● **YOUR OBJECTIVE**:
Report how many lines in the records that follow have the word "Gold" in them, giving the number and nothing more.

● **DATASET CONTENT**:
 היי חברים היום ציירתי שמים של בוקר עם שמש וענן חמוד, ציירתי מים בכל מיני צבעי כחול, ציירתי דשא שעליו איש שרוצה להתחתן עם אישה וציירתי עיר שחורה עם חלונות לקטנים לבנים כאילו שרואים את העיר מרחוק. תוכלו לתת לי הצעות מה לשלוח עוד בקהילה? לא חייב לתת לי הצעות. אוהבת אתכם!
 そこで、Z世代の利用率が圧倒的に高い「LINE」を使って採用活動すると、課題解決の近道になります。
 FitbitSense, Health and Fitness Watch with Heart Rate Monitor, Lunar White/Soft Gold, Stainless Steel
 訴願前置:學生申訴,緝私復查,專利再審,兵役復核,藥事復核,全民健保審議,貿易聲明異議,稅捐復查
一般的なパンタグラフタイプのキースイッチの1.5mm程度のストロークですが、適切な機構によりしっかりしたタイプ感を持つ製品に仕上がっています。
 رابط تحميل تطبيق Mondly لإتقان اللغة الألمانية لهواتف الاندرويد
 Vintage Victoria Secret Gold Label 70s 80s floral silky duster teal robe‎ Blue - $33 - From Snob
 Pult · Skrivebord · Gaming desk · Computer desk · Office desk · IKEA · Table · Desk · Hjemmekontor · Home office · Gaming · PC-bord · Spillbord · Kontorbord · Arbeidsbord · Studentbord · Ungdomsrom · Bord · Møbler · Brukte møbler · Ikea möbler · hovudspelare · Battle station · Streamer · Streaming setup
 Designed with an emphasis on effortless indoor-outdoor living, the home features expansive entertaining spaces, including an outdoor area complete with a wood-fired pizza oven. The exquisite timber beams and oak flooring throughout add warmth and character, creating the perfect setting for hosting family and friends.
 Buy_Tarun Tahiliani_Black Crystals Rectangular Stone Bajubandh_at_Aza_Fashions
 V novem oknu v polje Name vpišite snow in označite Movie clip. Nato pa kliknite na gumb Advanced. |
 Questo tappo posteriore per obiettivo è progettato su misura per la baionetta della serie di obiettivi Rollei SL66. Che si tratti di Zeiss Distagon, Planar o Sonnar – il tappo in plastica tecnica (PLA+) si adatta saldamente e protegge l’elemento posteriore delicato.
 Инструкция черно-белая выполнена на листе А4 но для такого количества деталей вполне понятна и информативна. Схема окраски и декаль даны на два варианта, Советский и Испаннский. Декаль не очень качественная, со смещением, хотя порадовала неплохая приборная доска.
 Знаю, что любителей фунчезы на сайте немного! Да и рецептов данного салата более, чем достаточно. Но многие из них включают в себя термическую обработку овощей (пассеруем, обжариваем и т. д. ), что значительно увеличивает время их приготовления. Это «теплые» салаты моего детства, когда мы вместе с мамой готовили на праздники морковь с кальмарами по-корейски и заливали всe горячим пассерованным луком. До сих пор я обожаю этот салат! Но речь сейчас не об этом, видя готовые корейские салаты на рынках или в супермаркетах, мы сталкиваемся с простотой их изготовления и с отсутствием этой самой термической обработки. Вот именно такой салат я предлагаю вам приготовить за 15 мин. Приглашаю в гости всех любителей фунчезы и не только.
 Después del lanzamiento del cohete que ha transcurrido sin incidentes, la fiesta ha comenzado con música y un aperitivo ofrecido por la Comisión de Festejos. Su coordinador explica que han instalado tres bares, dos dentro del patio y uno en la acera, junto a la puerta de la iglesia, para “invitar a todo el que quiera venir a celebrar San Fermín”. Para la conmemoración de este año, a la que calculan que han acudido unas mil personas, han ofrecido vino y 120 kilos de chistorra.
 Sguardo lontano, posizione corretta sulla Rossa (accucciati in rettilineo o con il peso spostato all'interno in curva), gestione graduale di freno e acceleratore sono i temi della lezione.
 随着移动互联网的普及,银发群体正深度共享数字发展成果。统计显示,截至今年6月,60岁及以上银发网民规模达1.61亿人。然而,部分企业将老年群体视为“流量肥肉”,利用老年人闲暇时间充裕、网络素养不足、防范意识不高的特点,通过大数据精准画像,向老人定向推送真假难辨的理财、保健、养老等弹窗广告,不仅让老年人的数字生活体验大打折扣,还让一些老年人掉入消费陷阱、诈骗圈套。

● **EXERCISE RESPONSE**:
2